Beni Batu ile gördükçe deliriyordu çünkü Ozan çok kıskanç biriydi. Sevgiliyken eteğimin boyuna bile karışıyordu, uzun çoraplar giymemi istiyordu ve hatta bazen çok parfüm sıkmışsın diye kızıyordu. Erkek arkadaşım bile yoktu, olamazdı çünkü Ozan erkeklerin asıl niyetinin başka olduğunu söylüyordu. Sosyal medya profillerimde onunla olan fotoğrafımız vardı, okulda hep onun yanında olmalıydım, bir yere giderken haber vermeliydim, saçımı kestirsem bile haberi olmalıydı.

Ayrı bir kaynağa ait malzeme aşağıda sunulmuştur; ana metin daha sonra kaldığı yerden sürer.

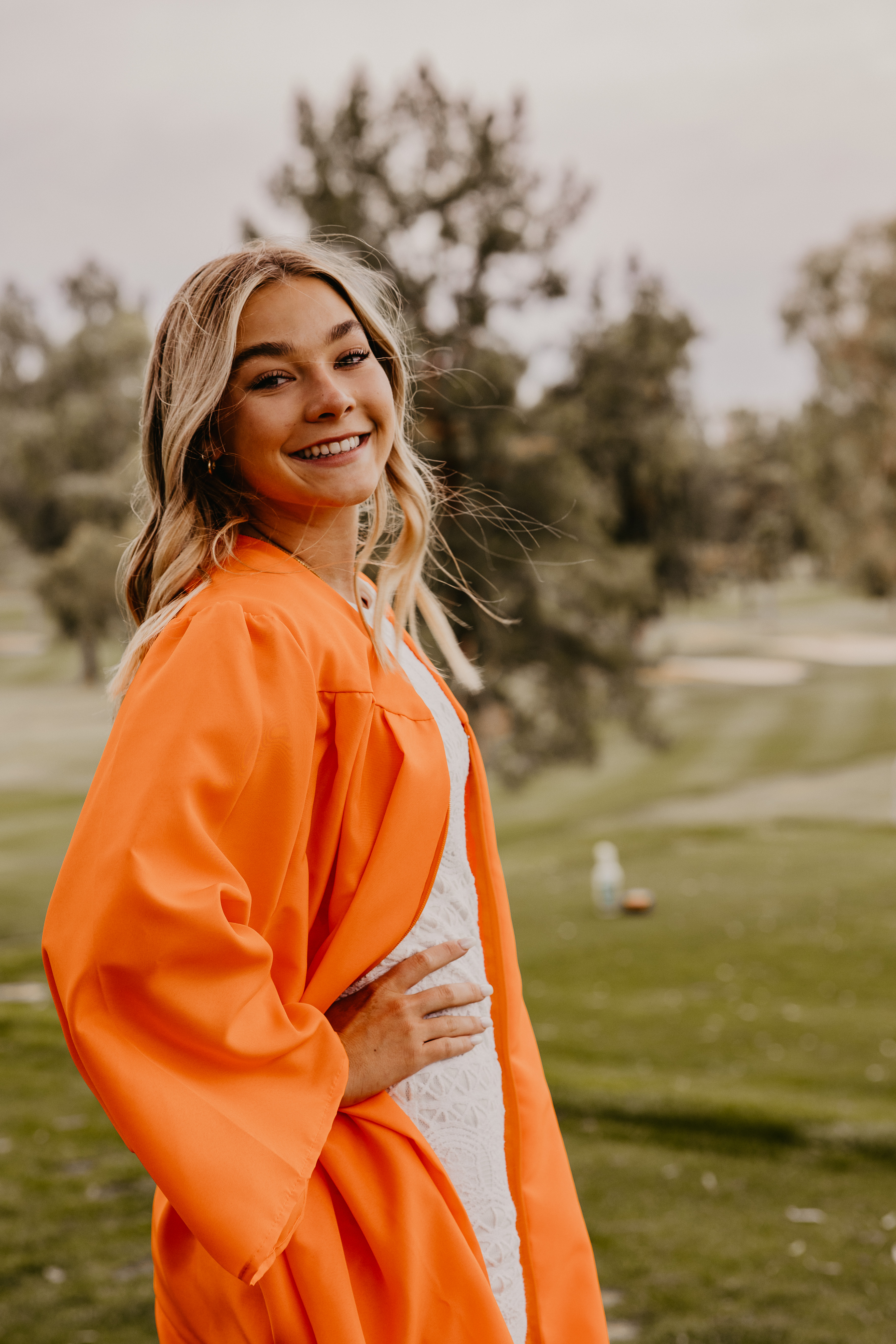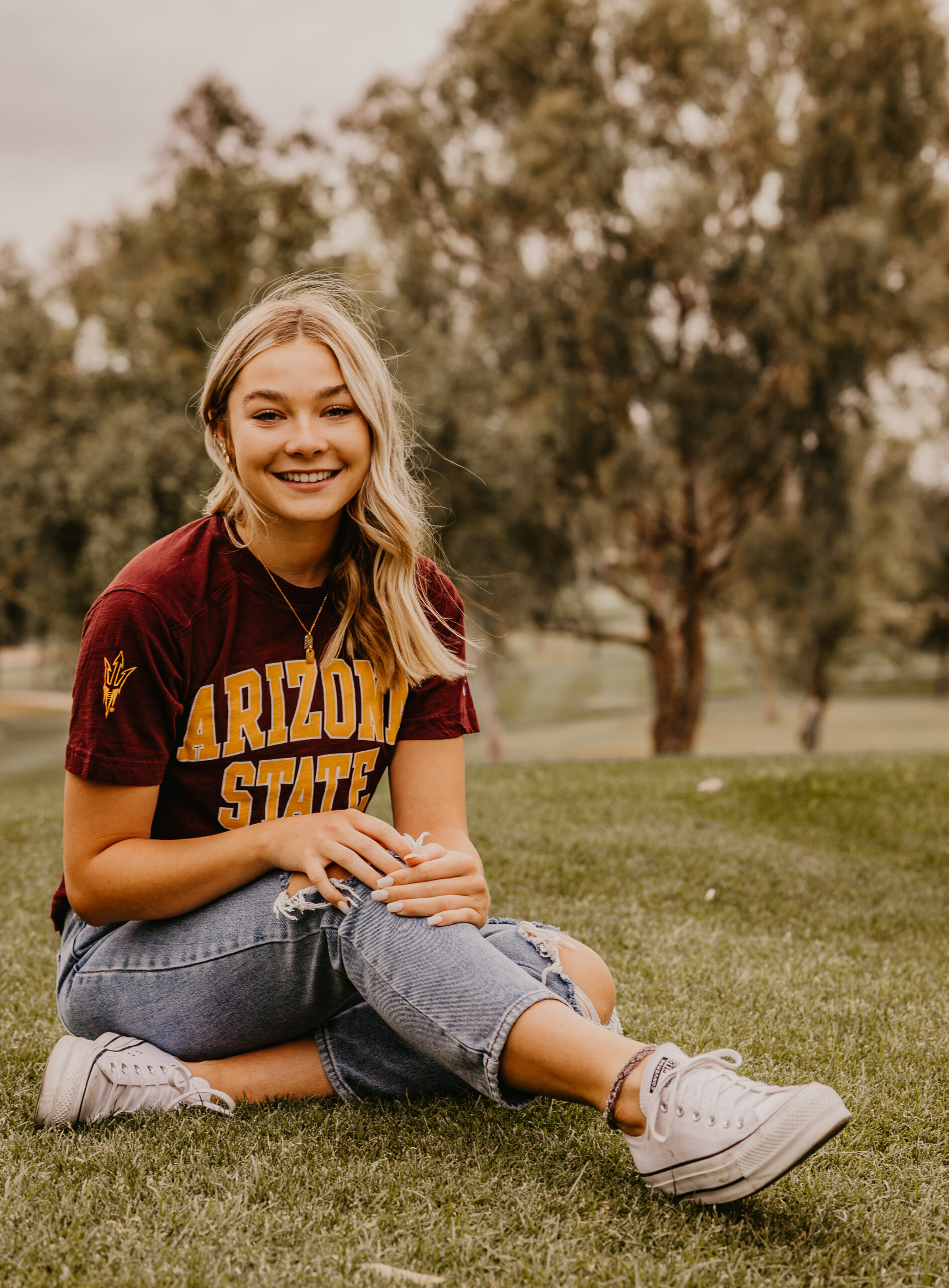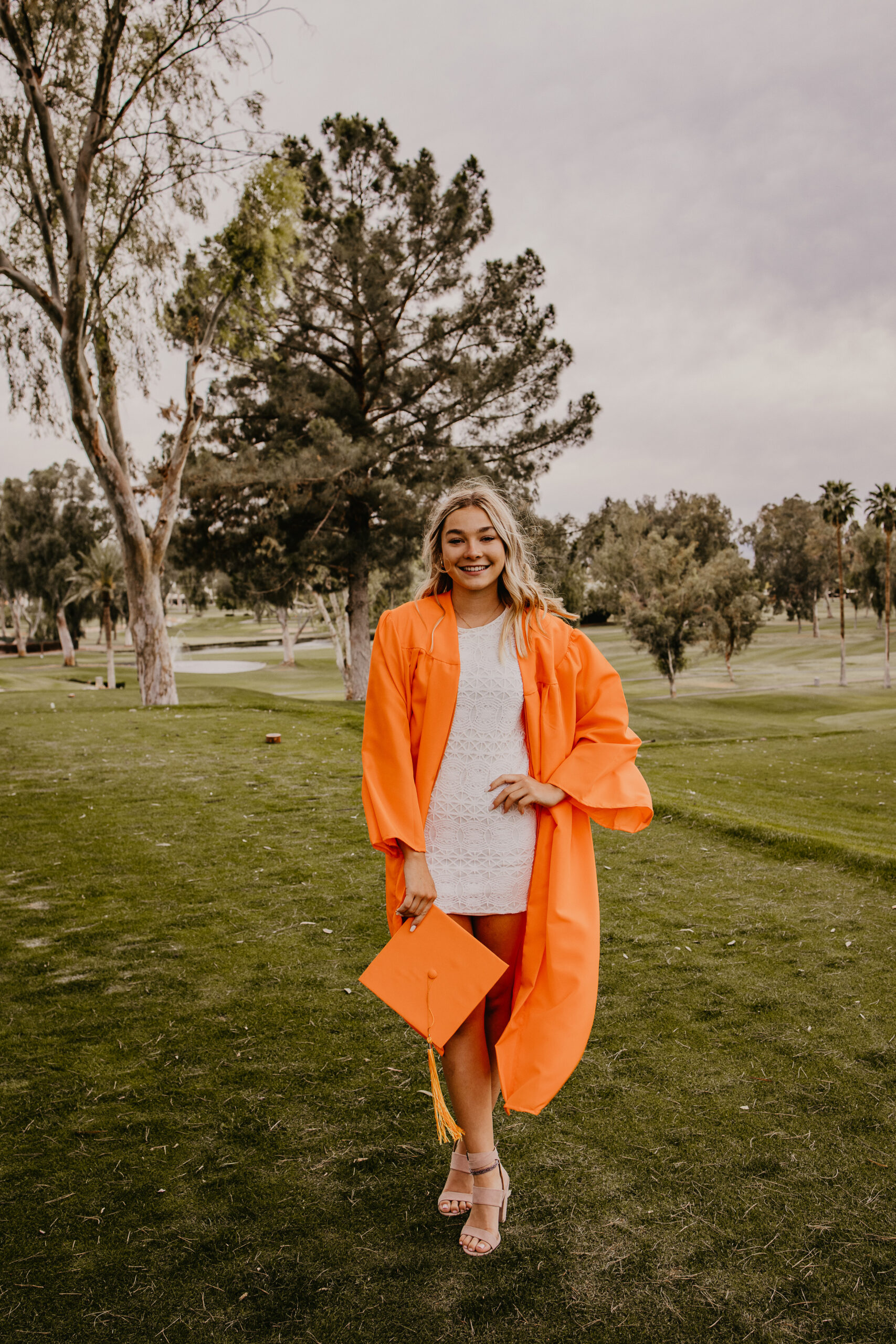 When Caroline’s dad contacted me for availability to do his daughter’s senior portraits, he mentioned she wanted something a little different than the typical desert and cactus setting. We were up against a tight deadline and wanted to do something local, so traveling north to Sedona or Flagstaff was out of the question.  Wanting to highlight something more green than the desert browns, we decided to shoot Caroline’s senior portraits at a local golf course in Mesa, AZ.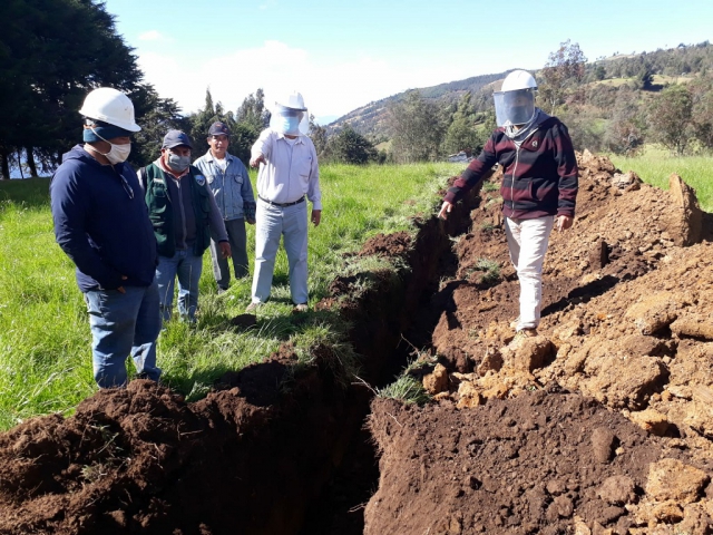 Asimismo, dijo que en la en la localidad de Limón se están ejecutando los trabajos de trazo y replanteo para su excavación de zanjas con maquinarias de 02 excavadoras, 02 minicargadores frontales 02 volquetes y un camión baranda. Dichos trabajos se vienen ejecutando con todas las medidas de seguridad frente al Covid-19, y está generando empleo a pobladores de la zona.

O gün beni spor salonunun önüne çağırarak peşimi bırak demişti ama hiçbir şekilde onun peşinde değildim. Peşimde olan oydu, ne zaman kafamı çevirsem bana bakan oydu. Biriyle konuşuyor muyum diye kontrol ediyordu, ona bakıyor muyum diye kontrol ediyordu, herhangi bir şey olacak diye aklı çıkıyordu. Dengesizin tekiydi, her şeyde beni suçladığı gibi bunda da beni suçlamıştı.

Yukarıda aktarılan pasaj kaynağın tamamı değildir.